> [What the task asks]:
Print the data below exactly as it stands, and keep the pictures out.
══ Given information ══
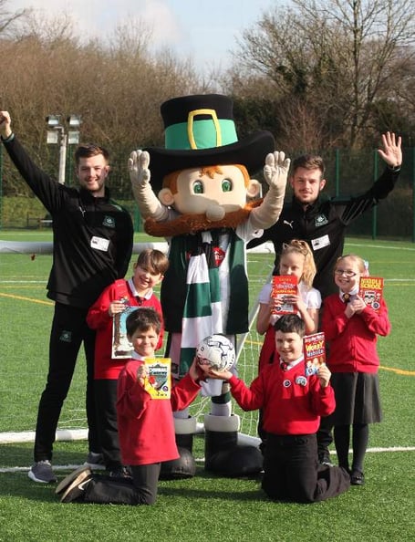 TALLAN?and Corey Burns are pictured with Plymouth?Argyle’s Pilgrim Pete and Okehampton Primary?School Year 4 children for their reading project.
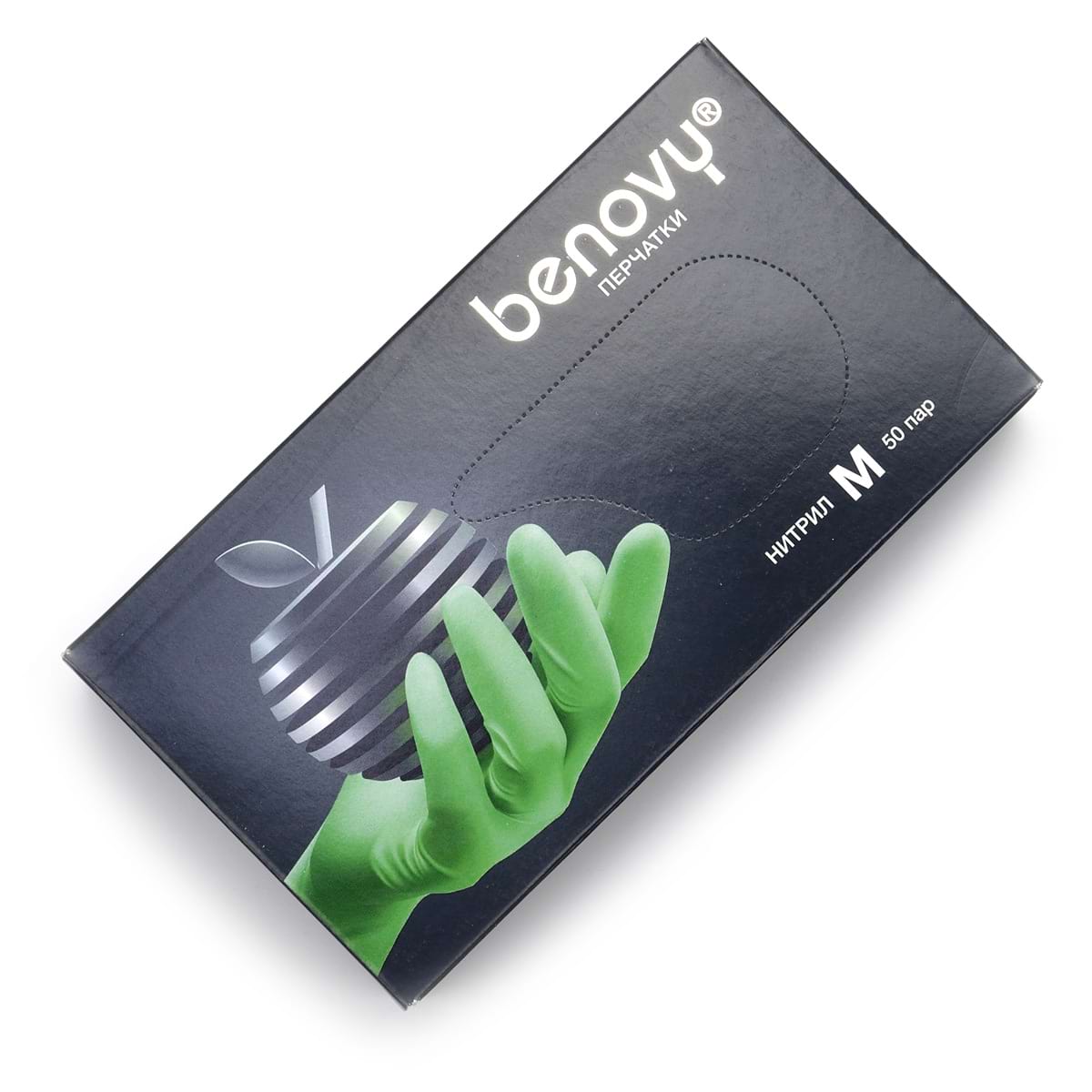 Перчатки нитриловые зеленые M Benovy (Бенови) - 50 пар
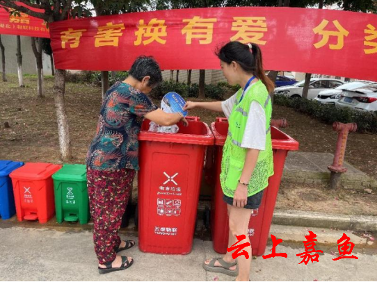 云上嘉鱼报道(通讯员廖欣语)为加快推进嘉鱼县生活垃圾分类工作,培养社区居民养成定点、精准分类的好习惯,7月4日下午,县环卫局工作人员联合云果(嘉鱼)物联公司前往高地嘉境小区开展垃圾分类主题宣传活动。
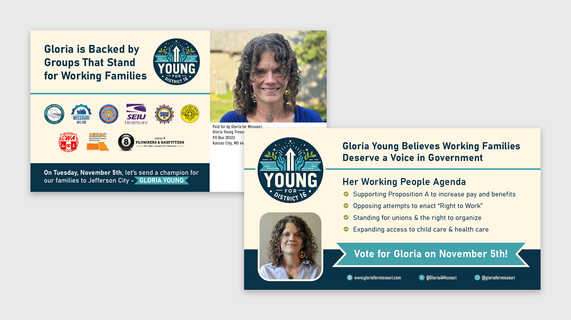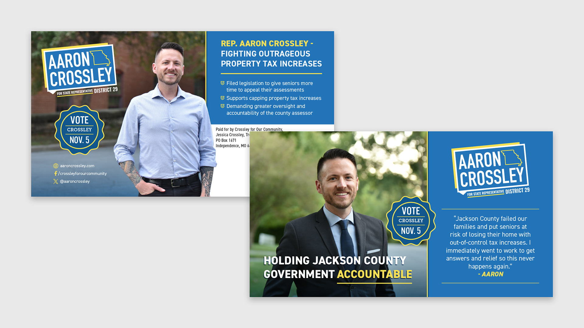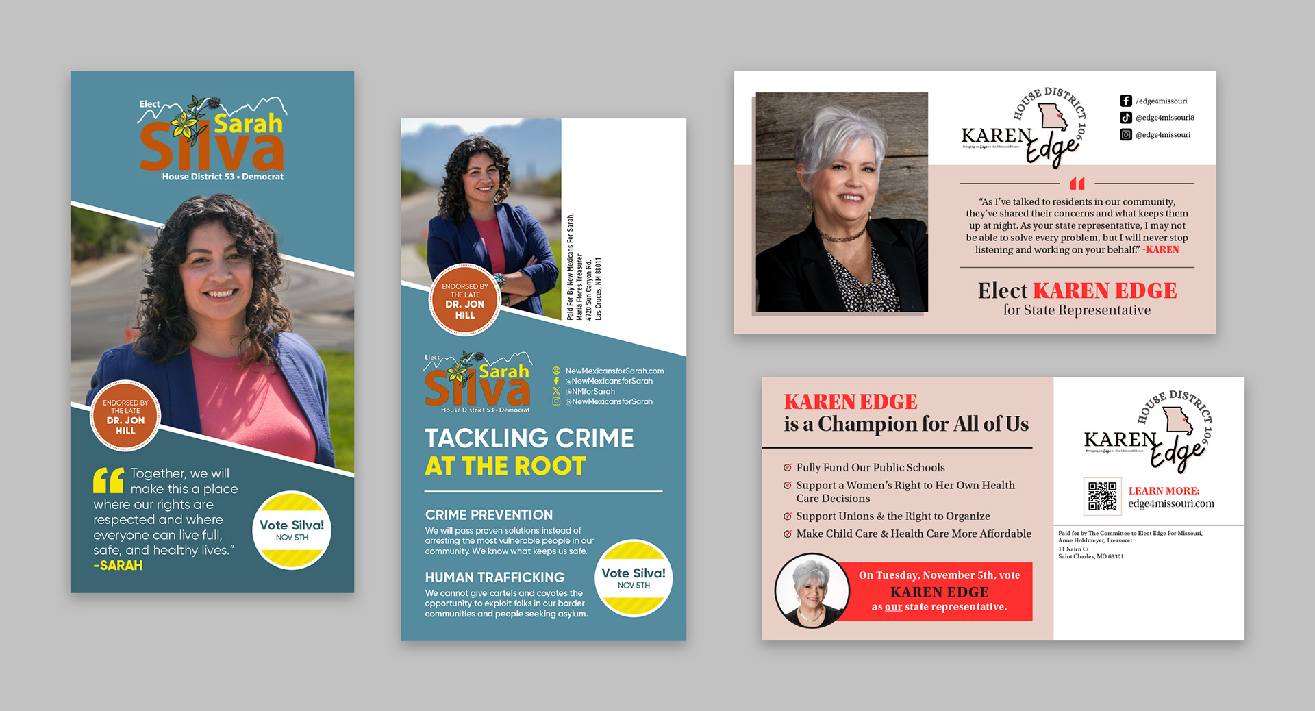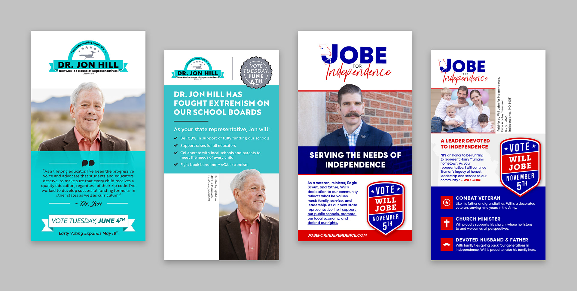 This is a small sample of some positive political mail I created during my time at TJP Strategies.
═══
> [Solution to this task]:
 TALLAN?and Corey Burns are pictured with Plymouth?Argyle’s Pilgrim Pete and Okehampton Primary?School Year 4 children for their reading project.
 Перчатки нитриловые зеленые M Benovy (Бенови) - 50 пар
 云上嘉鱼报道(通讯员廖欣语)为加快推进嘉鱼县生活垃圾分类工作,培养社区居民养成定点、精准分类的好习惯,7月4日下午,县环卫局工作人员联合云果(嘉鱼)物联公司前往高地嘉境小区开展垃圾分类主题宣传活动。
 This is a small sample of some positive political mail I created during my time at TJP Strategies.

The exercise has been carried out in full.